The idea was to use the function lme
and set study as random factor. Looking at the data they seem to rather fit a quadratic term than a linear regression, so I tried to calculate the model also with the quadratic term of the pH:
my_model<- lme( fixed = Bacterial_diversity ~ pH +
I(pH^2),
random = ~ pH |Study,
data= my_data)
The output (summary) is:
> summary(my_model)
Linear mixed-effects model fit by REML
Data: my_data
AIC BIC logLik
471.7855 497.7353 -228.8928
Random effects:
Formula: ~pH | Paper
Structure: General positive-definite, Log-Cholesky parametrization
StdDev Corr
(Intercept) 4.4808759 (Intr)
pH 0.4783127 -0.88
Residual 0.4154606
Fixed effects: Bacterial_diversity ~ pH + I(pH^2)
Value Std.Error DF t-value p-value
(Intercept) 1.6641091 1.8078372 285 0.920497 0.3581
pH 1.1750097 0.4670426 285 2.515851 0.0124
I(pH^2) -0.1187954 0.0363455 285 -3.268508 0.0012
Correlation:
(Intr) pH
pH -0.895
I(pH^2) 0.763 -0.959
Standardized Within-Group Residuals:
Min Q1 Med Q3 Max
-4.2091539 -0.4574020 0.1168270 0.6216446 2.0828655
Number of Observations: 304
Number of Groups: 17
I don't really know how to interpret these results. When I use tab_model(my_model)
I end up with two R^2 values. The marginal R^2 (0.025) and the conditional R^2 (0.974), the given p-value is 0.0012 (for the quadratic term of pH) and 0.0124 (for the pH).
Are the R^2 values calculated for the whole model? and how can I interpret the R^2 values? Can I say that my data are more likely to fit a quadratic term than a linear regression (due to the more significant p value of the pH^2)?
Is even the model I used the right one or should I have used nlme instead of lme4 (I don't really understand the difference!).
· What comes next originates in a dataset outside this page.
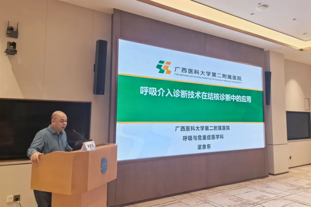 ▲广西医科大学第二附属医院呼吸与危重症医学科副主任梁象东作《呼吸介入诊断技术在结核诊断中的应用》专题报告。
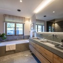 Ascending to the first floor, you’ll find the master bedroom suite, an impressive space that epitomizes luxury. The suite includes a walk-in wardrobe, a seating area with a plush velvet sofa, a desk, balcony access, and a tranquil bedroom area, all tastefully decorated in cool tones with thoughtful lighting. The en-suite bathroom, featuring a freestanding bath and separate rain shower, adds to the suite's luxurious ambiance. Additionally, this floor offers another twin/double bedroom with an en-suite bathroom and a cozy bunk room that sleeps two, complete with an en-suite shower room.

I just want to show the relation between the pH and the bacterial diversity with respect to the different studies
If you have any ideas this would help a lot. And if there are questions regarding the data, the code or anything else, please feel free to ask.
Upvotes: 1
Views: 4219
Reputation: 3238
I recommend using the performance
package or even the partR2
package, which use the Nakagawa R2 values of marginal and conditional R2 that you mention. I also advise reading these three papers on the subject, which explain what the values are:
I provide worked example with these values and explanations below. First, I load the required packages and model below. For simplicity, I drop the NA values here, but these should be handled with care in a real scenario.
#### Libraries ####
library(lmerTest) # for model fitting
library(performance) # for Nakagawa conditional/marginal R2
library(partR2) # for part R2 values
library(tidyverse) # for tidying data
#### Remove NA Values ####
carrots <- carrots %>%
drop_na()
#### Fit Model ####
fit <- lmer(Preference
~ sens2
+ Homesize
+ (1 | Consumer),
data=carrots)
Then we can run a simple summary of pseudo R2.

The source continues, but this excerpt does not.